Ahora el chinchorro, secándose al aire, es el telón de fondo de un escenario de arena. En un estacón alto han amarrado una lámpara Coleman que produce una tenue y blanquecina luz. Los hombres, mujeres, ancianos y niños, en silencio reverencial, esperan sentados en la platea de piedras. Después del tercer lance de pesca y al filo de la media noche, empieza la función: Un redoblar de cueros de tumbadora, seguido de la cadenciosa cumbia acompaña la salida del Mohán, que ha emergido del agua envuelto en lianas y redes en una frenética danza acompasada al ritmo del percutivo río y a la lejana descarga de los truenos. La dulce voz de la joven novia repite insistentemente en sotto voce el nombre de su amado “Alfonso…Alfonso” y el escenario se puebla de misterio con la entrada del viejo Cucho envuelto en una sábana blanca iluminado apenas con un candil que lucha contra el viento.

Los nuevos espectadores son actores de un extraño rito: se miran, se toman las manos, indagan, se preguntan: Los hombres en su incrédula sequedad, las mujeres con su sensibilidad maternal, los viejos con su sabiduría gregaria y los niños con su alegría sin estrenar. Y los curtidos actores se convierten en espectadores de esa extraña presentación: no entienden la memoria genética del teatro y no logran comprender el misterio de la representación. Sin embargo los nuevos espectadores y los curtidos actores se prodigan en uno de los más hermosos actos de los seres humanos: el asombro.

Asombro que fue tejiendo la confianza y al final de la obra, en el desfile fúnebre de la familia cargando el cadáver del joven asesinado Alfonso Llanos, ni la nube de cucarrones que arremetió contra la caperuza, la hizo añicos y apagó la luz, pudo desconectar aquella comunión teatral que marchaba hasta la orilla del río, para con un bautizo ex tempore despedir al inmolado joven del paro cívico de La Dorada con el agua lustral al ritmo de los cueros en cumbia y de la danza trágica del Mohán que termina sumergido en el río.

Llovió a cántaros durante la función, pero ni actores ni espectadores cejaron por un segundo su entrega. Empapados de noche, alrededor de un nuevo fuego se enciende la animada tertulia. Los ancianos narran sus aventuras del río y todos ríen pues todo es tan parecido al Tiempo Vidrio. Las mujeres cuentan las desgracias de sus hijos y todos callan pues es todo tan parecido al Tiempo Vidrio, los hombres hablan de la pesca en el río y todo es igualito al Tiempo Vidrio.

Se tienden nuevas hamacas en los bohíos de iraca, y actores, ancianos, mujeres y niños se despiden en silencio de los hombres que van nuevamente al río a continuar sus lances hasta el amanecer.

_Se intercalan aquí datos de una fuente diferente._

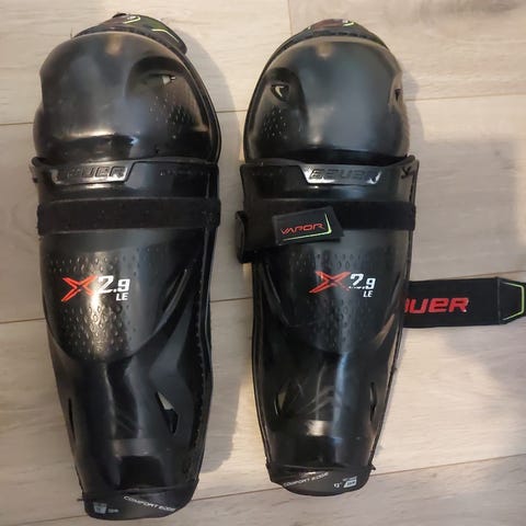 Bauer Vapor X700 jääkiekkosäärisuojat, koko 11" / 28cm. Väri musta/punainen. Suojissa on kovamuovinen kuori ja pehmustettu sisäosa, joka on irrotettavissa. Kiinnitys tapahtuu tarranauhoilla säären ja pohkeen ympäri. Soveltuvat jääkiekkoon ja muuhun jäällä pelattavaan lajiin säärien ja polvien suojaamiseen.

La noche del sueño se pobló de fantasmas: de Cuchos, Alfonsos y Mohanes; de río, de pescadores y teatro.

Se repitió la noche mágica de los lances en el río y de la función en las playas innumerables veces a lo largo del río. En todos los puertecitos construidos para la subienda por los errantes ciudadanos de la exclusión, Tiempo Vidrio dejó su efímera huella escrita en el agua del Magdalena. En camperos de monte, en canoas, en botes a motor o a pie, Pequeño Teatro recorrió cada curva del río entre Honda y Barrancabermeja buscando la vida, escarbando en los orígenes míticos las raíces de nuestro pueblo, de nuestra cultura y tratando de inscribir el teatro en el alma de un país sin nación.

Pescadores, mujeres, ancianos y niños cada noche se iniciaron en el teatro y cada noche los actores de Pequeño Teatro guardaron en sus memorias los recuerdos de esos escenarios insólitos, de ese público que nos enseñaría para siempre el origen profundamente popular del impuro arte del teatro.